The answer should hold only the lines from the one containing "中山市吉運汽車租賃有限公司" through the one containing "Old Gringo Brass" in the entries below, copied exactly, without pictures.
(Raw data)
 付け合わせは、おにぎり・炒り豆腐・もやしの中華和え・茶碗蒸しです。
(End Raw data)
(Raw data)
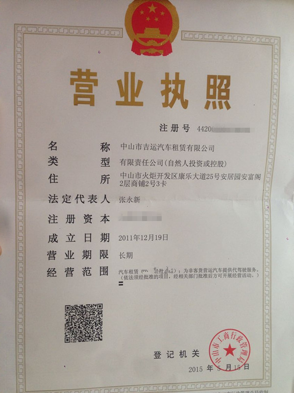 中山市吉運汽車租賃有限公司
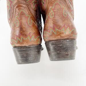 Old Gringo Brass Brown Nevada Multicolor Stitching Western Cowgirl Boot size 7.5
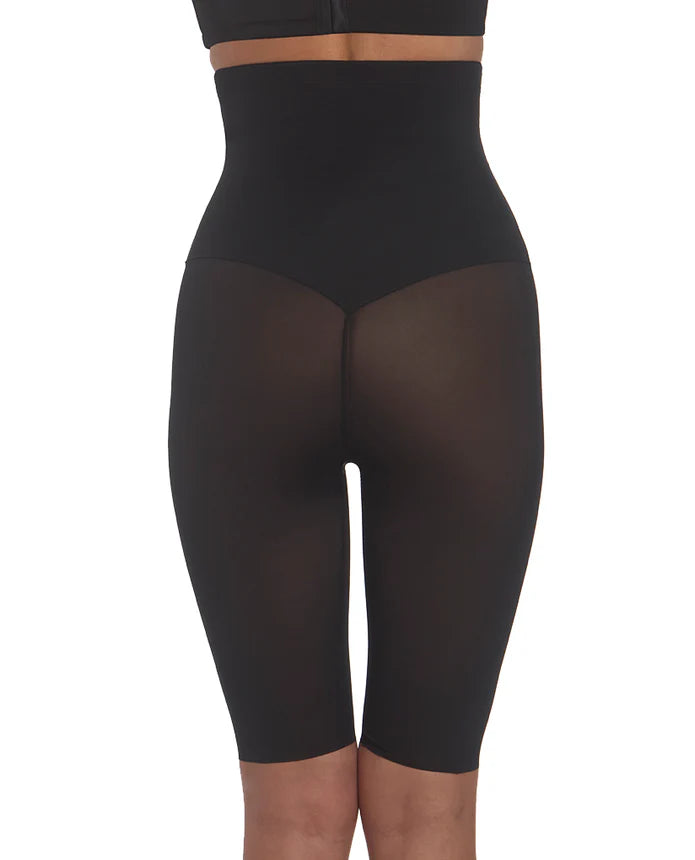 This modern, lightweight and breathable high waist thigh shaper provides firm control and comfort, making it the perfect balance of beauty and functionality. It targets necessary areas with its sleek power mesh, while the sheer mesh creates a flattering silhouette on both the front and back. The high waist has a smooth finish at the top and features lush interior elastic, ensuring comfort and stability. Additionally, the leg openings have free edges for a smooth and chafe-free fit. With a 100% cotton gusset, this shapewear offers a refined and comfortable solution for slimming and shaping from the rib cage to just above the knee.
(End Raw data)
(Raw data)
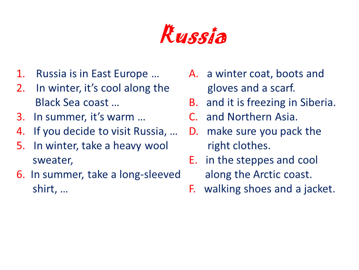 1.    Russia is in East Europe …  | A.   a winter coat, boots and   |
(End Raw data)
• **Output for this task**
 中山市吉運汽車租賃有限公司
 Old Gringo Brass Brown Nevada Multicolor Stitching Western Cowgirl Boot size 7.5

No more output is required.